Arrodillado ante el magnífico altar levantado para honrar la Eucaristía el entonces Presidente de los argentinos, elevó a Dios su plegaria: “Os ruego que, así como acrecentáis la fecundidad de nuestras tierras y el trigo de nuestros campos, por vuestro amor se consuma en la unidad de la Eucaristía, se acreciente aún más la unidad en el corazón de todos los argentinos para que sea una sola causa en virtud del amor, que es lo único que construye”.
El vicepresidente Quijano y su esposa había llegado en el vapor “Ciudad de Asunción” a las 8.30 y se fue a las 3.30 en el tren del Ferrocarril Mitre.
Perón y su esposa llegaron en automóvil e ingresaron con su comitiva por el Molino Blanco, en Saladillo, recorriendo ante multitudes expectantes que salieron a saludarlos a su paso, las calles Ayacucho, Arijón, San Martín, 27 de Febrero hasta llegar a Maipú y Córdoba desde donde enfilaron para la sede del Arzobispado.
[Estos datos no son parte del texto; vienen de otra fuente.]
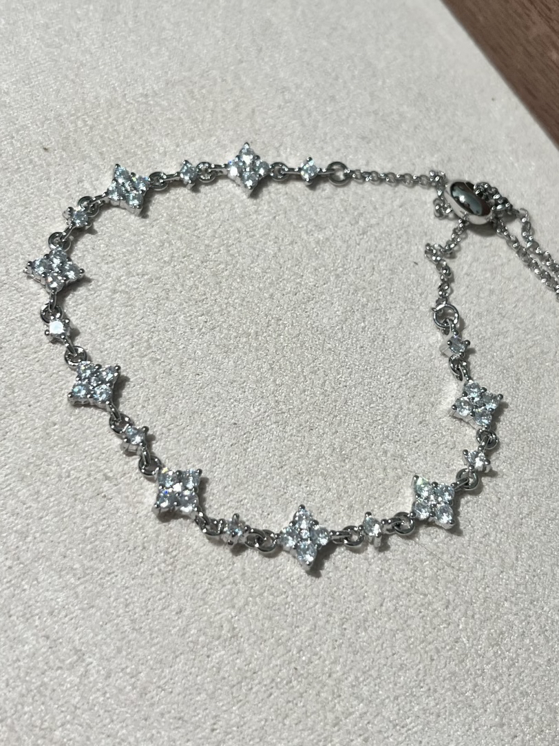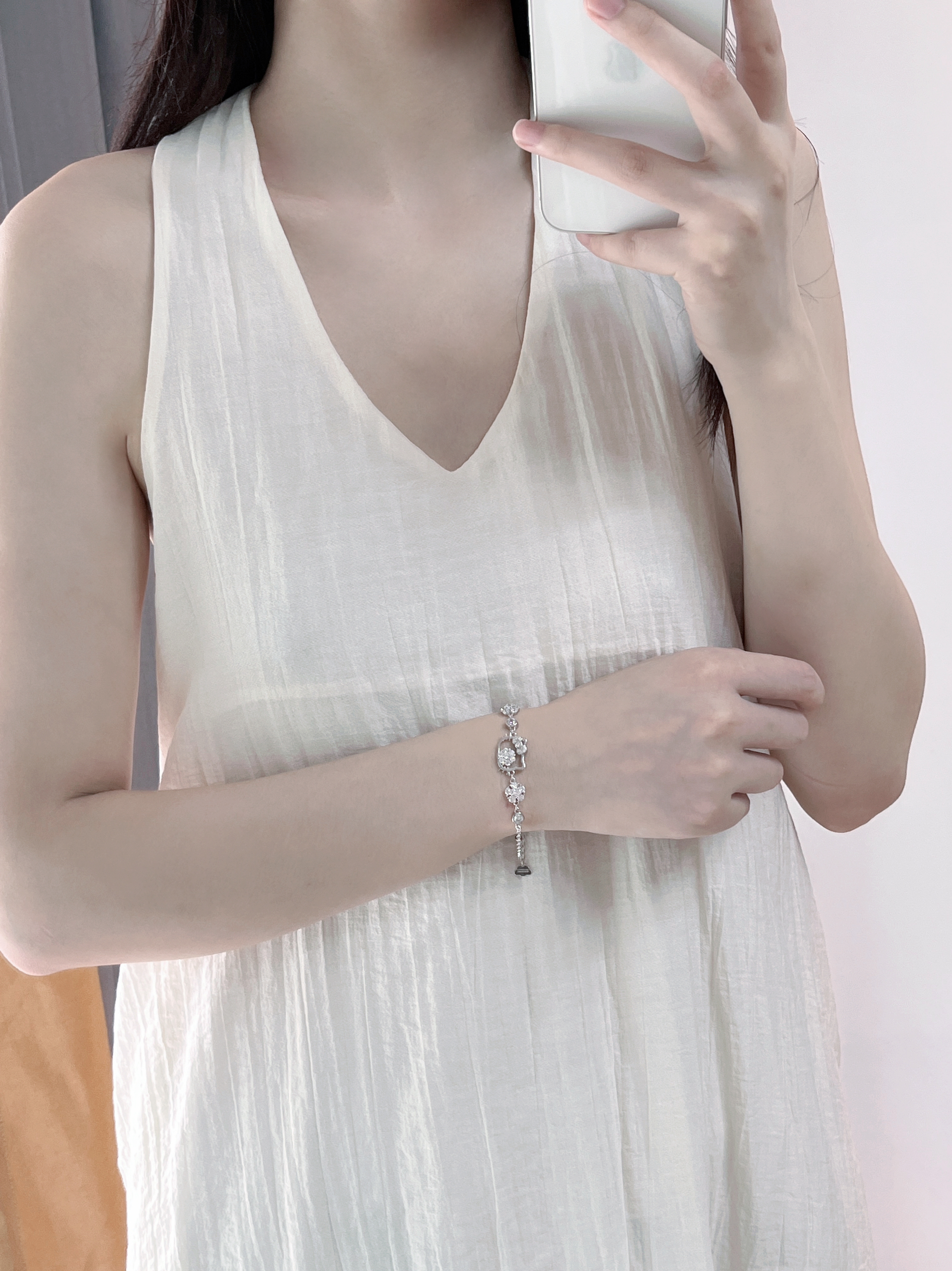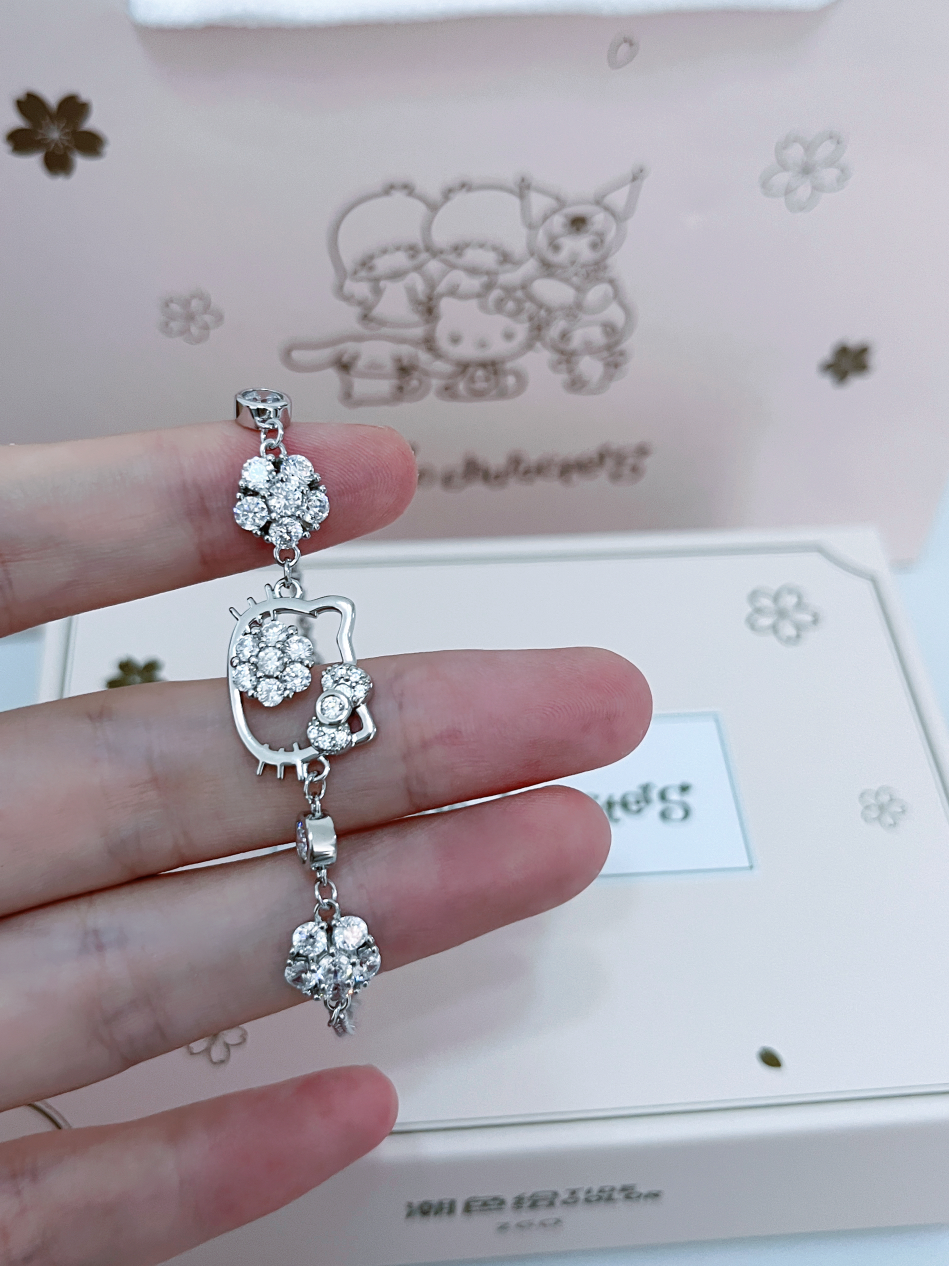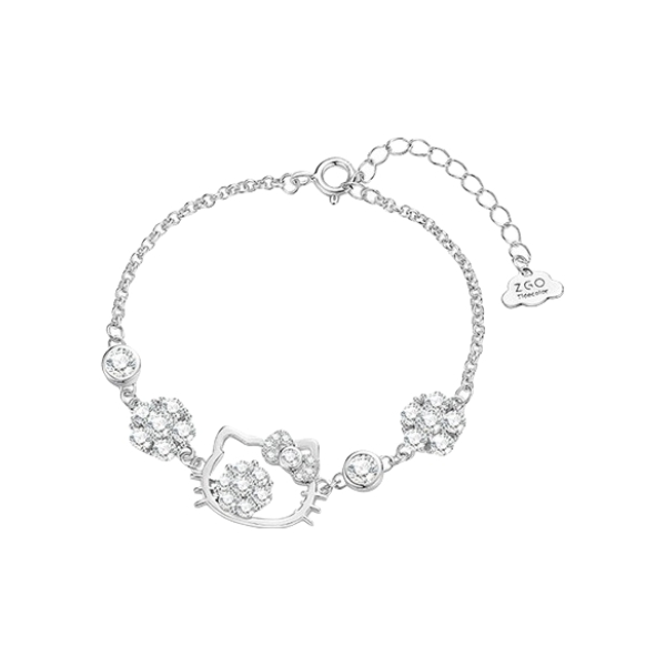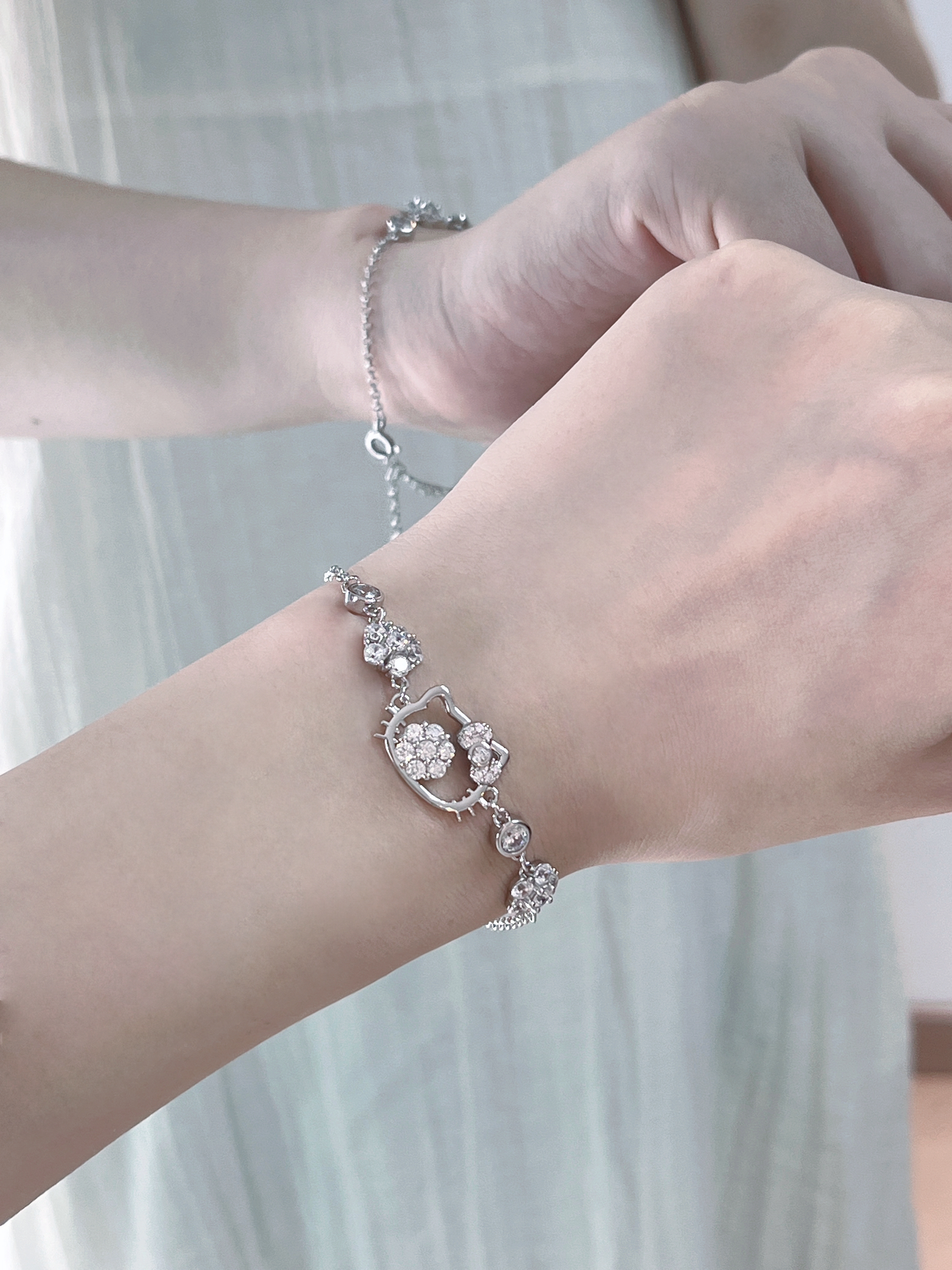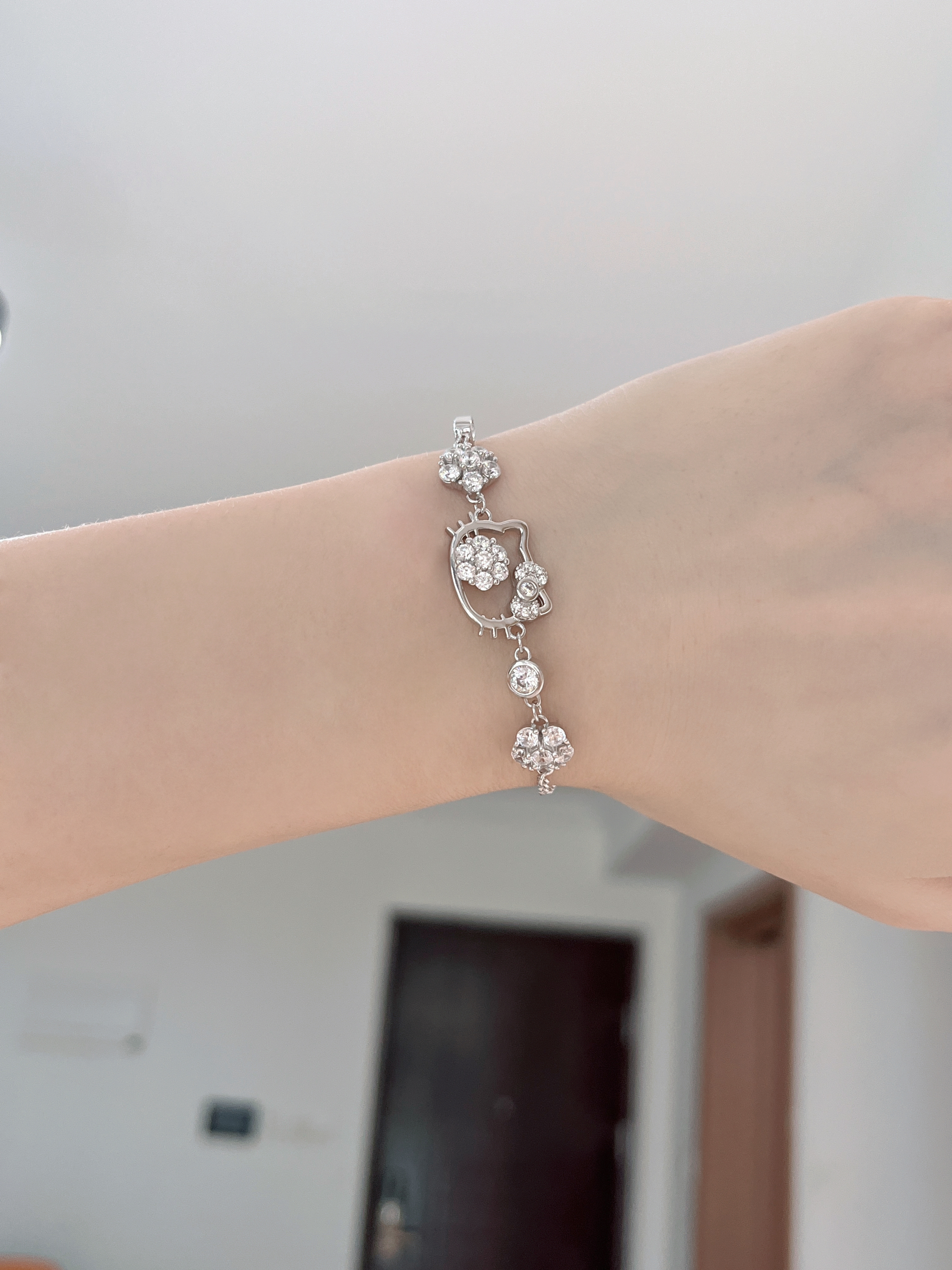 中间镂空的凯蒂猫造型连接超闪的锆石 是精致blingbling 的凯蒂猫手链 整体是冰冰透透的清冷感 银色戴上去很显白 925银的 不易过敏和褪色 日常穿个小裙子出门就很好看 礼盒超精致 很适合送礼!!

La peatonal se inauguraría 24 años después.
“Nunca tan propicia la celebración de estas trascendentales ceremonias como en estos momentos en que el mundo entero vive horas de inquieta incertidumbre y tensa expectativa”, había dicho el gobernador en un momento en el que también reconoció que “nuestra tierra bendita es como un oasis de paz a la que todos dirigen su ansiosa mirada y encierra el anhelo de que el verbo justicialista que predica nuestro líder germine y fructifique en todas las latitudes de la Tierra”.
Ese domingo la fe movió montañas… de personas. La voz del Pueblo, la voz de Dios, escribieron una página que quedó inscripta en la memoria. Fue una jornada de ribetes históricos que propiciaba una Nueva Argentina con el espíritu renovado de sus hijos empeñados en la “irrevocable decisión de constituir una Nación socialmente justa, económicamente libre y políticamente soberana”. La fe de los rosarinos permanecía incólume ante el Sagrario.